Jun 22, 2016

The Myth of the 'Fred Flintstone' Treatment

If someone comes down with a case of amnesia caused by traumatic head injury, what's the best way to bring him or her back to normal?

Any fan of The Flintstones knows the answer to that question: Simply bonk the amnesiac on the head again to realign the senses. It worked for Fred, after all, whenever a stray bowling ball found its way to his skull, as if drawn to him.

This course of action is also likely known to anyone in the medical profession as one the worst treatments imaginable for any head trauma. And yet, the idea that a second trauma could effectively offset the first to restore an amnesiac's memory is endorsed by upwards of 46 percent of the general public, finds Drexel University psychology professor Mary Spiers.

 So how is that anyone could ever consider this Stone Age treatment an effective remedy? Rather that tracing back to prehistory, the notion of a second knock on the noggin to cure amnesia has its roots in 19th-century medicine, Spiers writes in an article published in the journal Neurology.

The traumatic treatment was first theorized by French scientist named Francois Xavier Bichat. He reasoned that the two hemispheres of the brain acted in sync. As such, in order to restore balance, what happens on one side must be duplicated on the other.

His evidence for his supposed amnesia cure? None whatsoever.

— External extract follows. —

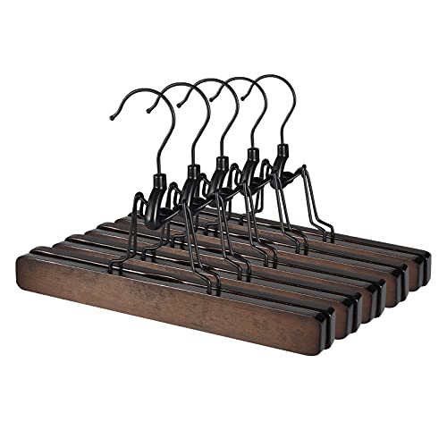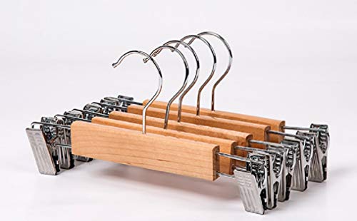 スカートハンガー胡桃色 5本組セットズボンハンガー天然木製 跡がつかない 収納ハンガー

"From my reading of Bichat's work, it seems that he felt that the second trauma amnesia cure was a common occurrence and didn't need the citation of an individual case," Spiers said. "This was not unusual at the time, to forgo evidence like that."

Before he could even be bothered to prove his case, Bichat died of what was likely a traumatic head injury in 1802. And yet Bichat's untested insights, known as Bichat's Law of Symmetry, were taken up by doctors, scientists and otherwise learned individuals of the time, published and passed on for decades after his death.

When scientists finally came around to the fact that you don't fight traumatic brain injury with traumatic brain injury, it was too late. Rather unlike the faded images in an amnesiac's mind, the memory stuck in the public consciousness.